Repeat exactly what runs from the line containing "GAMAOUTILLAGE vous propose" through the last line of the material below. Do not copy the pictures.

--- AVAILABLE DATA Enclosed Below ---

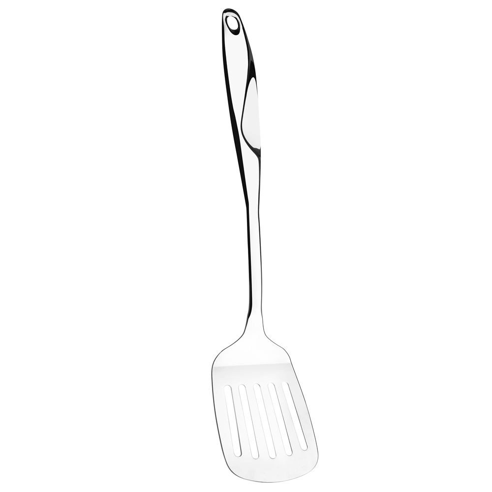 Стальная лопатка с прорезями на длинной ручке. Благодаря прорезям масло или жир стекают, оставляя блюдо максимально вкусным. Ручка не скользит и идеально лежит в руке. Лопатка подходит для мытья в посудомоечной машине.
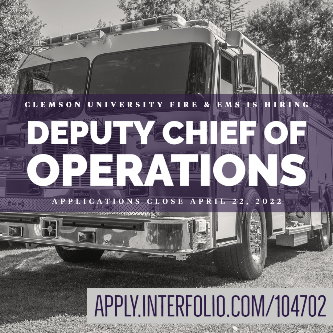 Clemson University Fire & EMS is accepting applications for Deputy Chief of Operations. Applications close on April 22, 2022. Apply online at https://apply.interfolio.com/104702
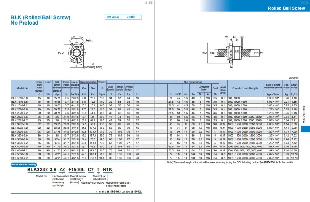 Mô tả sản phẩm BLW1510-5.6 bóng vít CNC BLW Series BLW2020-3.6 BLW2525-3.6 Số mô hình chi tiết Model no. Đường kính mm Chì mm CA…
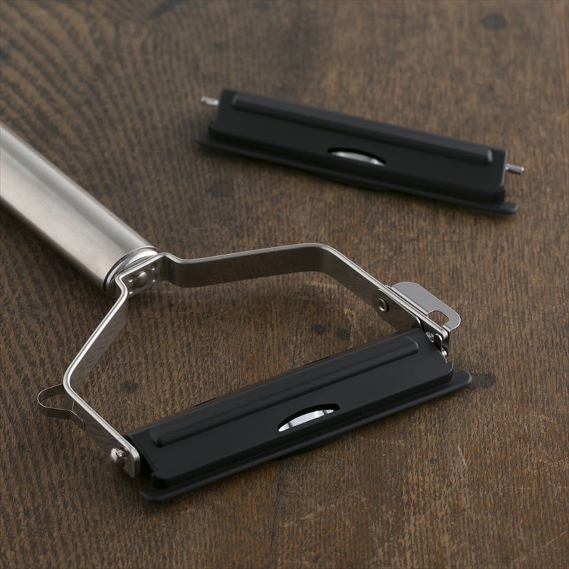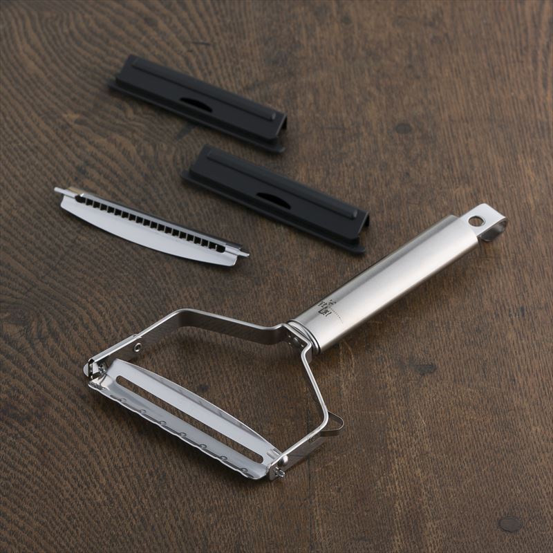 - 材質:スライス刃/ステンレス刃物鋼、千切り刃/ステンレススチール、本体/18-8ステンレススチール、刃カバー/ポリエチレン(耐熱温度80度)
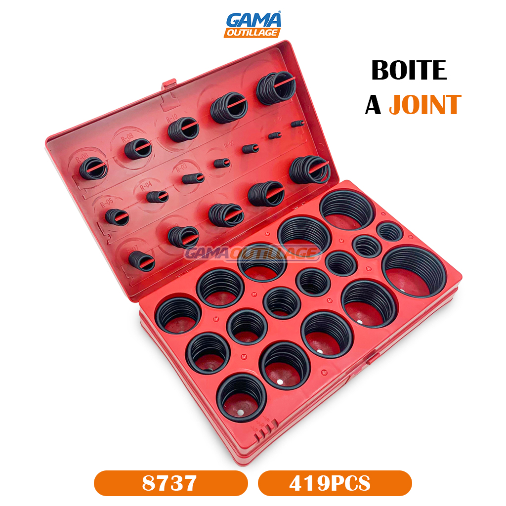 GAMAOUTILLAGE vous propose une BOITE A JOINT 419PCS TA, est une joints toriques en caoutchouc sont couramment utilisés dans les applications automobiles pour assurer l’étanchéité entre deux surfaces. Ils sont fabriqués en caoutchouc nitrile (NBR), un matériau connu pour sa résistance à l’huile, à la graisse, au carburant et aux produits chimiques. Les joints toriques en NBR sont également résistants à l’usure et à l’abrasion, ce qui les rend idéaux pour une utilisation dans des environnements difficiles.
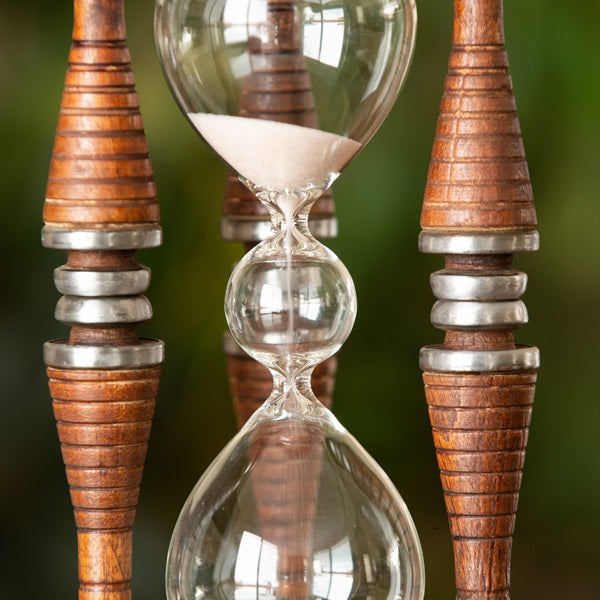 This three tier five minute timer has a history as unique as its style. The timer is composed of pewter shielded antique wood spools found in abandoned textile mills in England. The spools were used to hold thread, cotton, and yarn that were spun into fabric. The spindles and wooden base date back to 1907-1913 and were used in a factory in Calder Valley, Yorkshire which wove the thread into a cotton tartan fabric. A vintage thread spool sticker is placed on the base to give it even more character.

--- End of Enclosed AVAILABLE DATA ---

**EXERCISE SOLUTION:**
 GAMAOUTILLAGE vous propose une BOITE A JOINT 419PCS TA, est une joints toriques en caoutchouc sont couramment utilisés dans les applications automobiles pour assurer l’étanchéité entre deux surfaces. Ils sont fabriqués en caoutchouc nitrile (NBR), un matériau connu pour sa résistance à l’huile, à la graisse, au carburant et aux produits chimiques. Les joints toriques en NBR sont également résistants à l’usure et à l’abrasion, ce qui les rend idéaux pour une utilisation dans des environnements difficiles.
 This three tier five minute timer has a history as unique as its style. The timer is composed of pewter shielded antique wood spools found in abandoned textile mills in England. The spools were used to hold thread, cotton, and yarn that were spun into fabric. The spindles and wooden base date back to 1907-1913 and were used in a factory in Calder Valley, Yorkshire which wove the thread into a cotton tartan fabric. A vintage thread spool sticker is placed on the base to give it even more character.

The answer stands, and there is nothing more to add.